Searches a 10,000-vector HNSW index for the top 10 nearest neighbors with ef=50 (search beam width).

  • Target: < 1ms
  • Measured: 139us
  • Analysis: 7x headroom below target. The HNSW implementation uses M=16 (connections per layer) and ef_construction=200. Average nodes visited per search is tracked via tala_hnsw_avg_search_visited in the metrics.

Columnar Scan (100K Timestamps)

Scans the timestamp column of a 100K-node columnar buffer to filter by time range.

  • Measured: 48us
  • Analysis: Sequential scan over contiguous u64 values. Benefits from hardware prefetch and cache-line alignment. Establishes the baseline for time-range queries over TBF segments.

CSR Traverse (10K Lookups)

Performs 10,000 adjacency lookups in a Compressed Sparse Row index, retrieving the edge list for each source node.

  • Measured: 21.7us
  • Analysis: ~2.17ns per lookup. CSR provides O(1) access to the start of each node's edge list via the row pointer array, then sequential scan over edges.

Bloom Lookup (1K Queries)

Tests 1,000 UUIDs against a Bloom filter for membership.

  • Measured: 27us
  • Analysis: ~27ns per query.
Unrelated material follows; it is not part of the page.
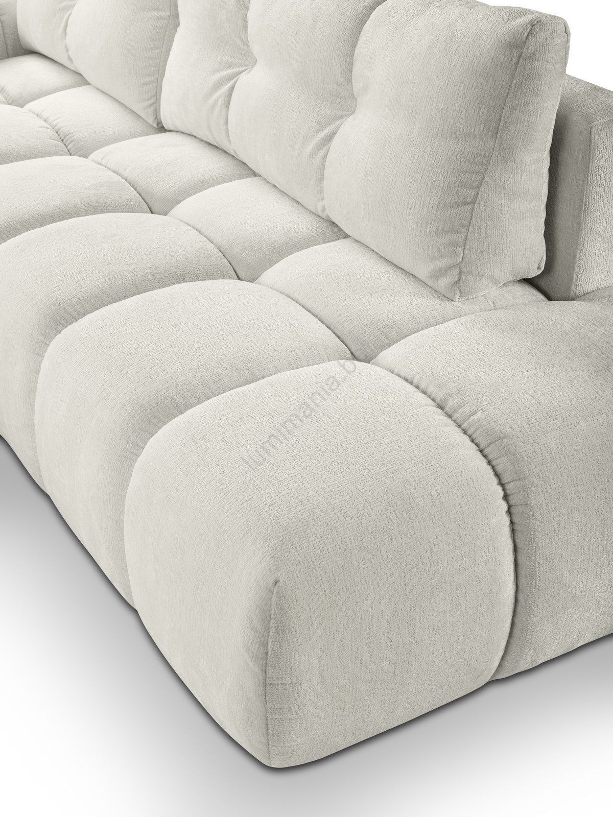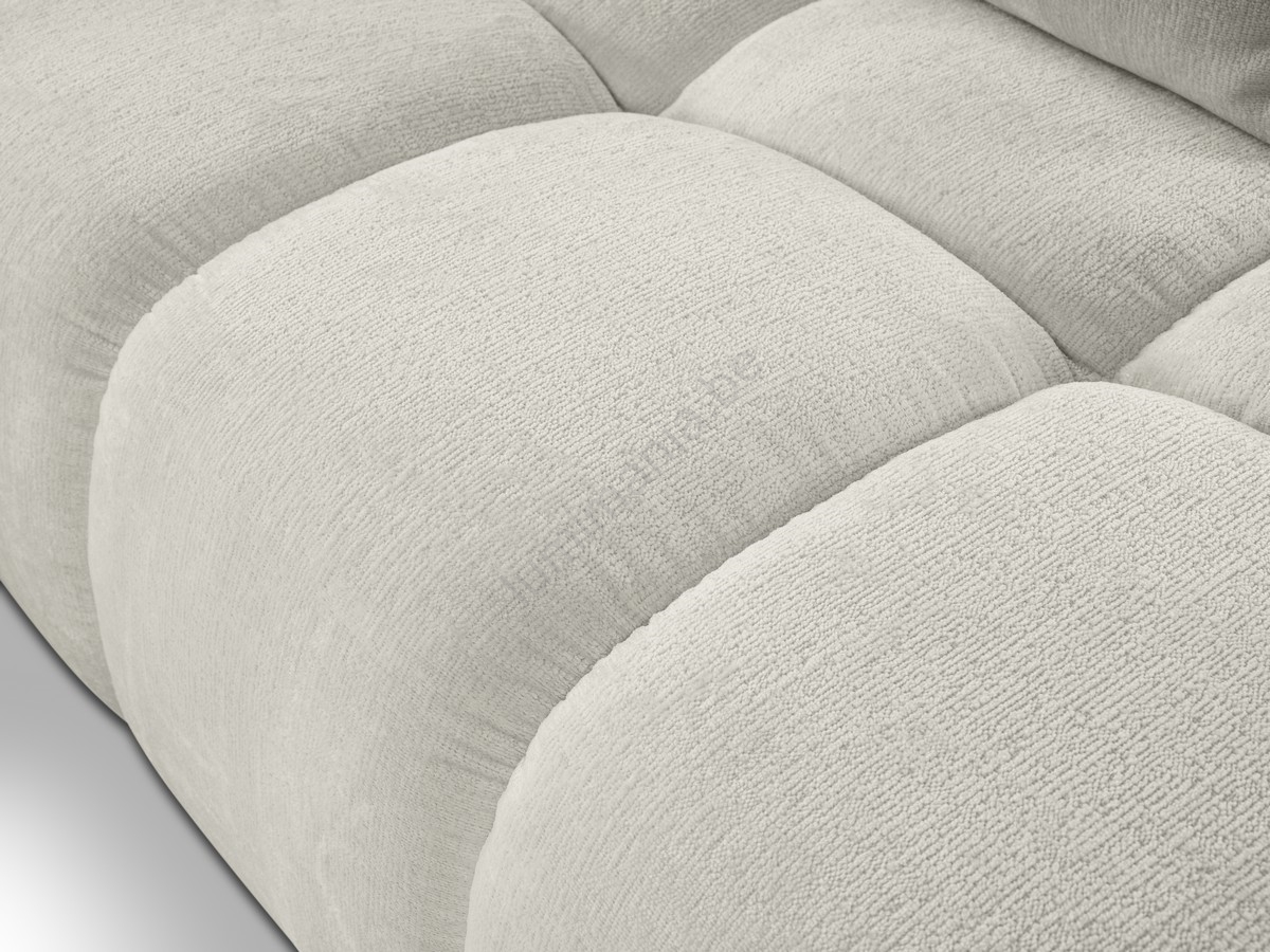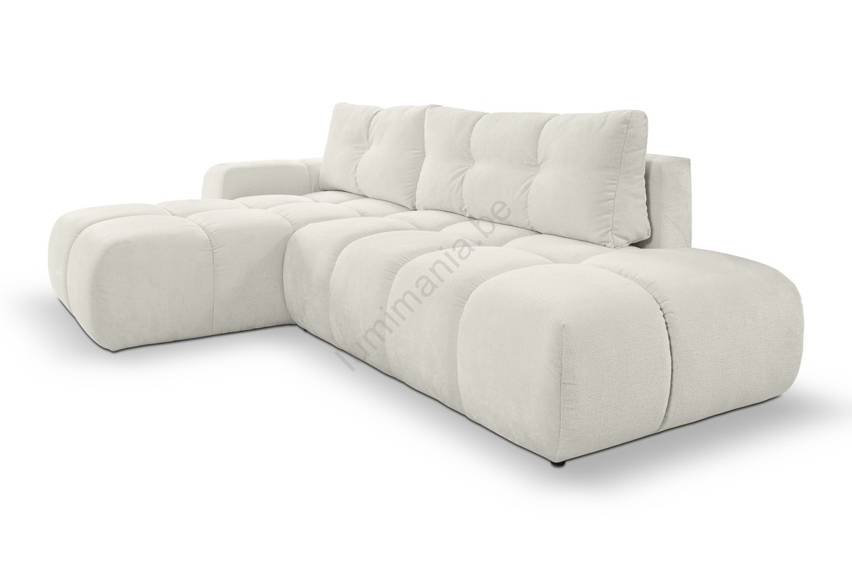 • ALMADA L-vormige uitklapbare gestoffeerde hoekbank met bergruimte, links, lichtbeige

Multiple hash functions (k=7) are computed per probe. False positive rate depends on filter sizing relative to the number of inserted elements.

Full Segment Write (1K Nodes)

Serializes 1,000 intent nodes with embeddings, edges, and metadata into a complete TBF segment via SegmentWriter.

  • Measured: 209us
  • Analysis: Includes columnar encoding of node payloads, 64-byte-aligned embedding packing, CSR edge construction, Bloom filter population, and CRC32C checksum computation.

WAL Append (1K Entries)

Appends 1,000 intent entries (each with a 384-dimensional embedding) to the write-ahead log.

  • Measured: 730us
  • Analysis: ~730ns per entry. Each append serializes the intent, writes to the log file with fsync semantics, and updates the entry counter.

Semantic Query (10K Corpus, Top-10)

End-to-end semantic search: given a query embedding, search the HNSW index over 10K stored intents and return the top 10 results with metadata.

  • Target: < 50ms
  • Measured: 151us
  • Analysis: 330x headroom. The query path is HNSW search (139us) plus metadata lookup for the 10 result IDs (~12us).

Full Ingest Pipeline (1K Intents)

End-to-end ingestion of 1,000 intents through the complete pipeline: extraction, WAL append, HNSW insert, edge formation, and hot buffer push.

  • Measured: 1.10ms
  • Analysis: ~1.1us per intent across all pipeline stages. Edge formation dominates at scale due to O(n^2) nearest-neighbor search for edge candidates.

Regression Policy

Performance regressions on passing targets are merge blockers. Run cargo bench before merging any change that touches hot-path code in tala-embed, tala-wire, tala-store, or tala-graph.

Baseline measurements should not regress by more than 20% without investigation. Criterion's built-in comparison detects statistically significant changes.